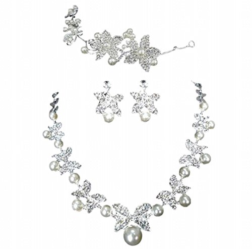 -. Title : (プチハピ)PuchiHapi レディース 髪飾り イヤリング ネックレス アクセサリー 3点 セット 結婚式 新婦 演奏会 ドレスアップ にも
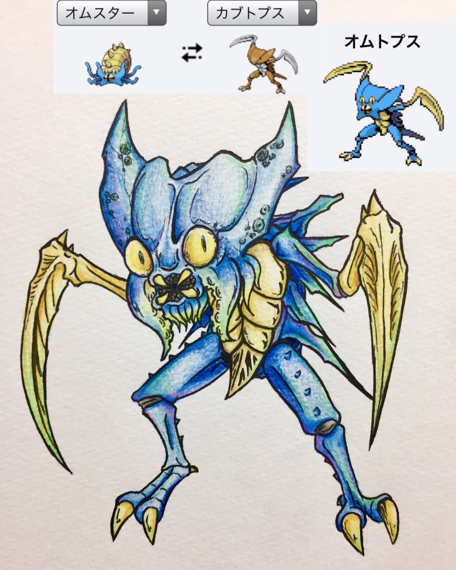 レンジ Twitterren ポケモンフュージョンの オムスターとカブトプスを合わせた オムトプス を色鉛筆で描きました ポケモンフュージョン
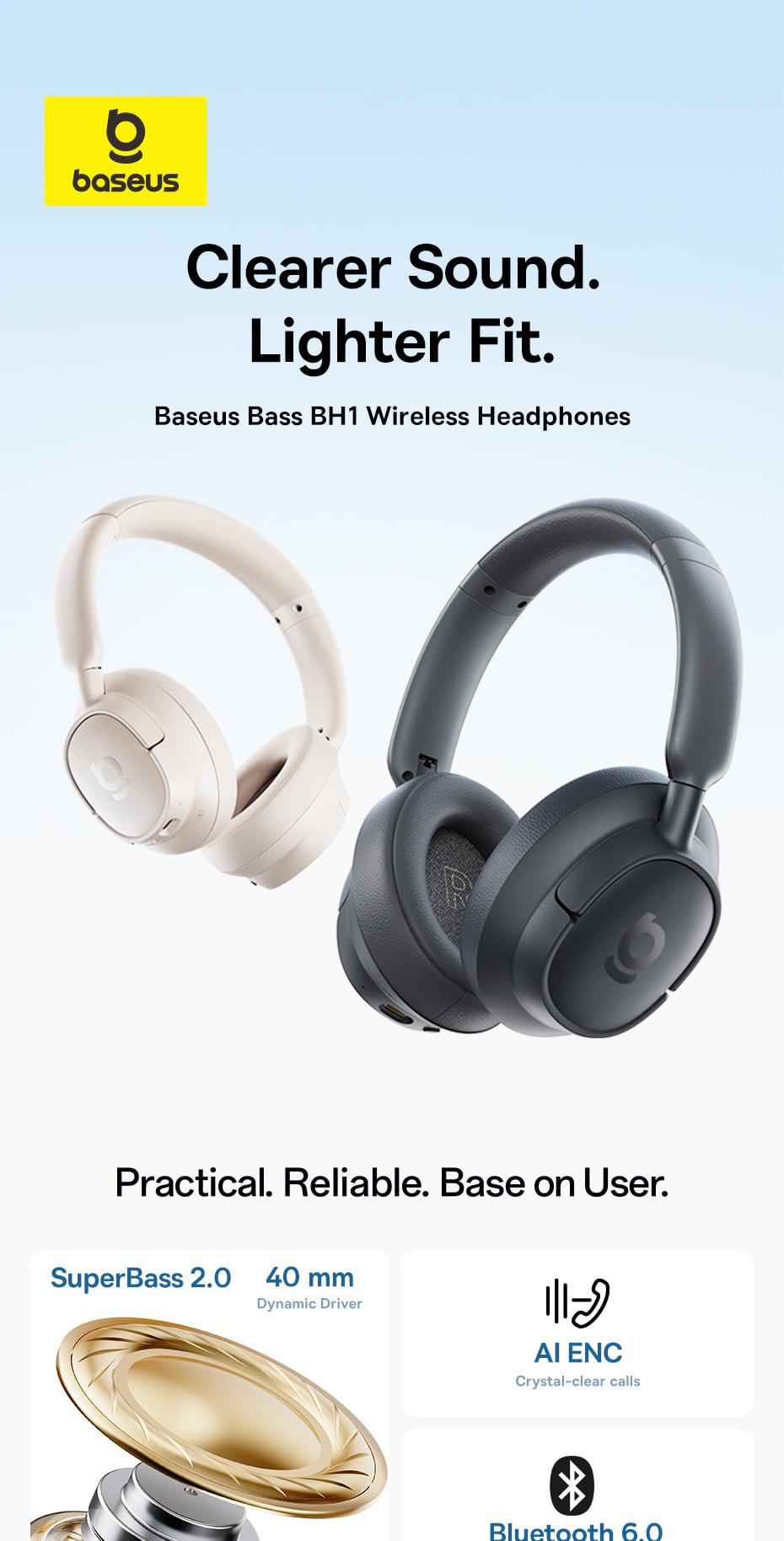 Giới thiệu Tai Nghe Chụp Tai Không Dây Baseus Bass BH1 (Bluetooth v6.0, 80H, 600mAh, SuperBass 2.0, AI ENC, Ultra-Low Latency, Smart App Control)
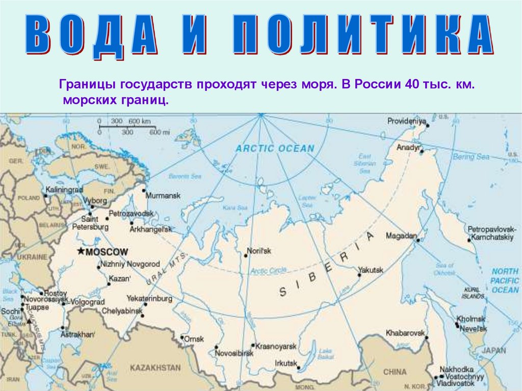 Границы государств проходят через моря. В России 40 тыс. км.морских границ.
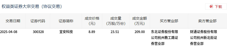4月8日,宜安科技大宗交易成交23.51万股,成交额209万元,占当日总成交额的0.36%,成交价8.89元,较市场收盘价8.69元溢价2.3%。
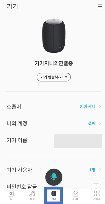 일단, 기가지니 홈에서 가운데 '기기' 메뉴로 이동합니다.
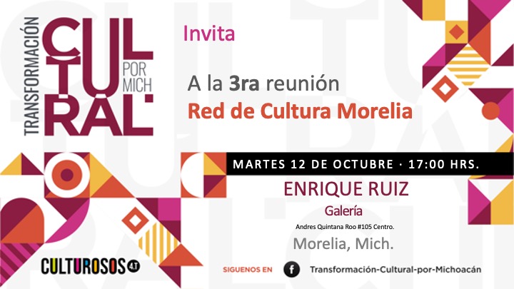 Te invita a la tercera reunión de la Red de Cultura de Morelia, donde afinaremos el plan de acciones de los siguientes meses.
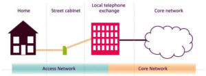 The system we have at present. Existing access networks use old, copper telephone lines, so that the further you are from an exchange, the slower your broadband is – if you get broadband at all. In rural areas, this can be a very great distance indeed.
==
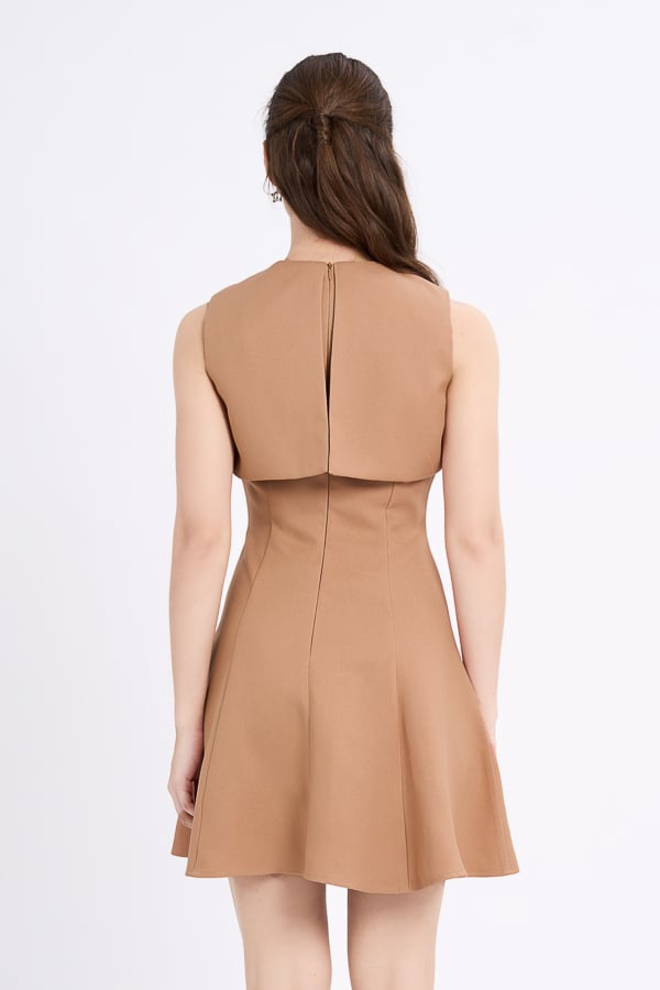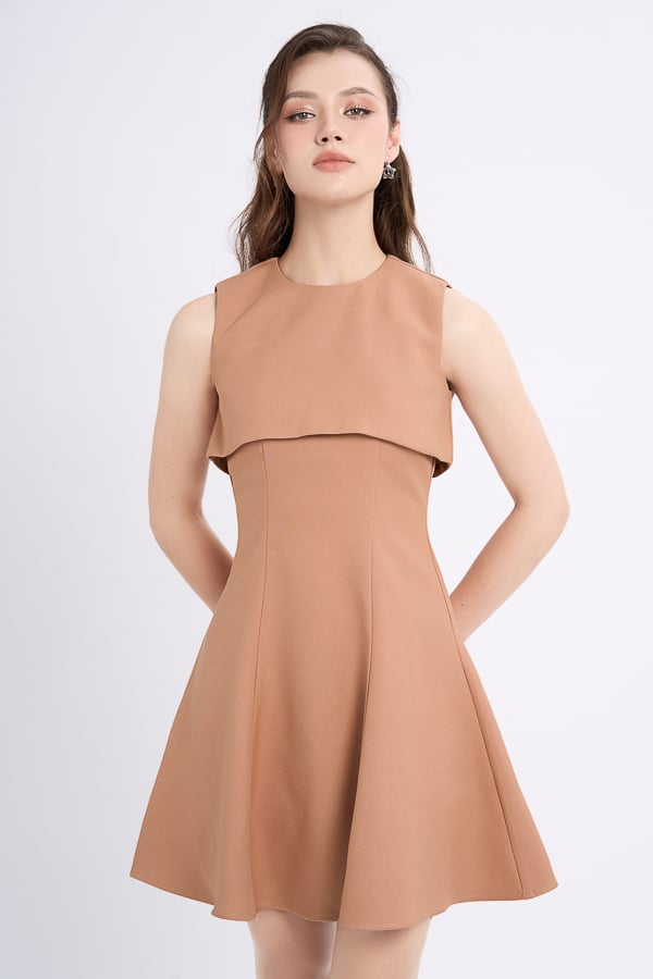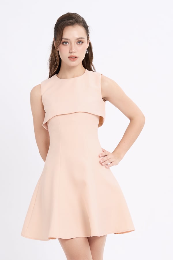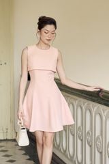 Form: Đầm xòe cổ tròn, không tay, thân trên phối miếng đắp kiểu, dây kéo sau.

» **Aim of the task**
Both the line above containing "レンジ Twitterren ポケモンフュージョンの" and the line containing "The system we" belong in the copy, along with every line between them; print these exactly and omit the pictures.

» **Task output**
 レンジ Twitterren ポケモンフュージョンの オムスターとカブトプスを合わせた オムトプス を色鉛筆で描きました ポケモンフュージョン
 Giới thiệu Tai Nghe Chụp Tai Không Dây Baseus Bass BH1 (Bluetooth v6.0, 80H, 600mAh, SuperBass 2.0, AI ENC, Ultra-Low Latency, Smart App Control)
 Границы государств проходят через моря. В России 40 тыс. км.морских границ.
4月8日,宜安科技大宗交易成交23.51万股,成交额209万元,占当日总成交额的0.36%,成交价8.89元,较市场收盘价8.69元溢价2.3%。
 일단, 기가지니 홈에서 가운데 '기기' 메뉴로 이동합니다.
 Te invita a la tercera reunión de la Red de Cultura de Morelia, donde afinaremos el plan de acciones de los siguientes meses.
 The system we have at present. Existing access networks use old, copper telephone lines, so that the further you are from an exchange, the slower your broadband is – if you get broadband at all. In rural areas, this can be a very great distance indeed.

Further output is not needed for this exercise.